By Ragheema Mclean
The Western Cape Health Department has reassured the public that there is no cause for panic in the wake of the recent Diphtheria outbreak at Pollsmoor prison.
This comes as a 19-year-old inmate died on Sunday after experiencing symptoms of the infection a week earlier. Eight more inmates are said to have tested positive, with only two experiencing mild symptoms.
According to the National Health Department, Diphtheria is an uncommon disease caused by a bacteria called Corynebacterium Diphtheria. The bacterium usually affects the mucous membranes of the nose and throat, causing respiratory and skin infections.
Speaking on the VOC Breakfast show on Tuesday, Health Department spokesperson Foster Mohale emphasized that while Diphtheria is considered an uncommon disease, it remains preventable and manageable through proper treatment protocols.
Mohale noted that the prevalence of such contagious diseases in prisons often poses a particular risk, especially among younger inmates.
The bacteria spreads from person to person, usually through respiratory droplets from coughing or sneezing, he noted.
“Diphtheria spreads similarly to Covid-19 and other respiratory diseases, primarily through coughing and sneezing when an infected individual fails to cover their mouth.”

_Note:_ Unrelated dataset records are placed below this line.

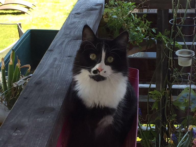 Beschreibung: männlich, kastriert. Schwarz weißes, etwas längeres Fell, vor allem hat er einen sehr bauschigen Schwanz. Alle 4 Pfoten sind Weiß und auch im Gesicht hat er eine sehr markante Zeichnung (siehe Bild).
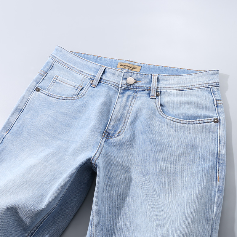 男薄款 浅蓝色洗水高质感斜纹肌理四面弹直筒牛仔裤 春秋季 2025新款
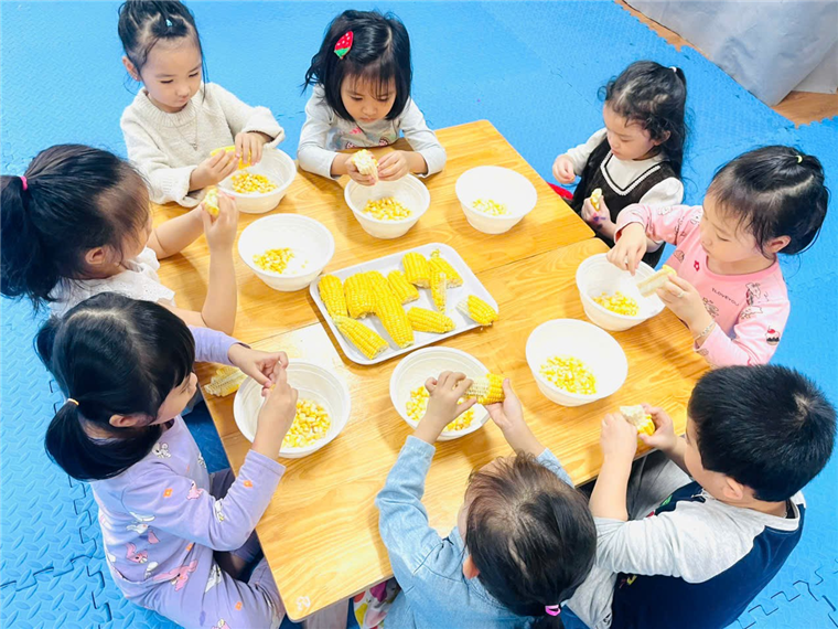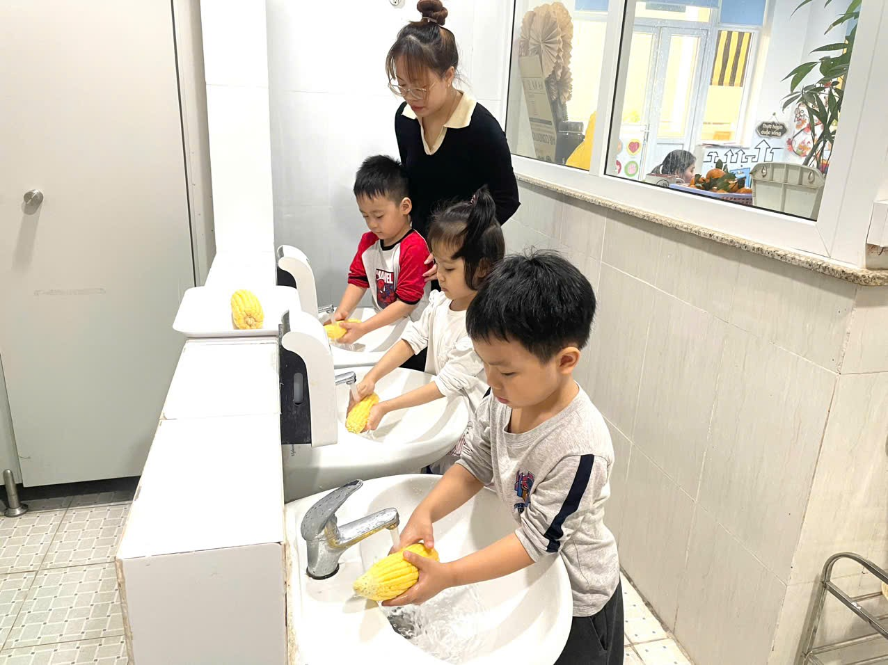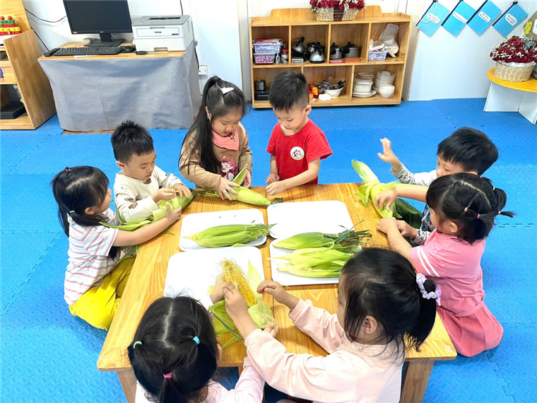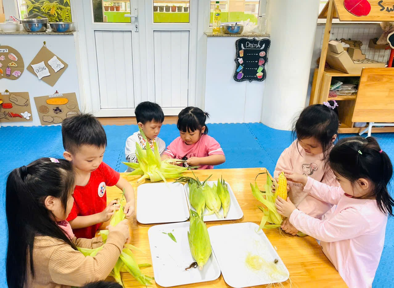 Cô giáo hướng dẫn các bạn bóc bẹ ngô, rửa ngô, tách ngô và pha bột làm bánh ngô.
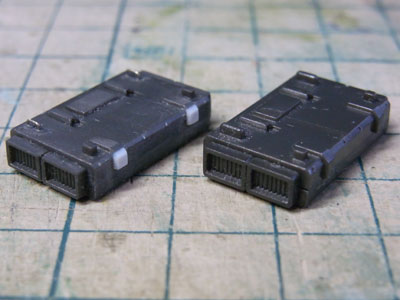 ・ブースターブロック ジェネレータ横のブロックです。側面から装甲板を貼っているんだろう、ということでスジボリを追加しています。表面の窪みは良く分らないのでプラ板で埋めました。 上部の突起物はつり上げ用のリングのようなのでピンバイスで開口して、ナイフと針ヤスリで整えました。 |
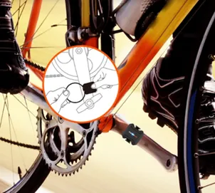 タイヤの回転数から速度を正確に測定するスピードセンサーとペダルが1分間に何回転したかを測定するケイデンスセンサー※1が一体となっており、ボタン電池の出し入れで簡単にスピードモードと、ケイデンスモードを切り替える※2ことができます。
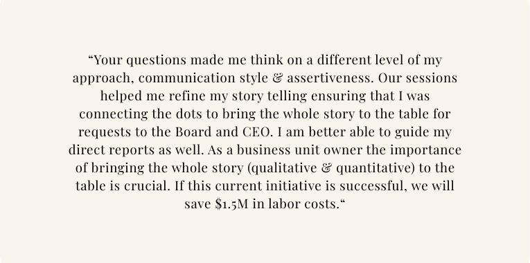 “Your questions made me think on a different level of my approach, communication style & assertiveness. Our sessions helped me refine my story telling ensuring that I was connecting the dots to bring the whole story to the table for requests to the Board and CEO. I am better able to guide my direct reports as well. As a business unit owner the importance of bringing the whole story (qualitative & quantitative) to the table is crucial. If this current initiative is successful, we will save $1.5M in labor costs.“

Mohale said that the symptoms of Diphtheria often include a sore throat with the formation of a membrane on the tonsil and throat and swollen glands in the front of the neck.
“Anyone experiencing any of these symptoms are strongly urged to seek immediate medical attention to ensure timely diagnosis and treatment,” he continued.
Furthermore, to mitigate the spread of the disease within Pollsmoor Prison, health officials have commenced a vaccination drive targeting both inmates and staff members.
Healthcare workers have also been urged to maintain a high index of suspicion in order to ensure that cases are detected early, while all individuals are reminded of the importance of ensuring that they and their families are up to date with their vaccinations.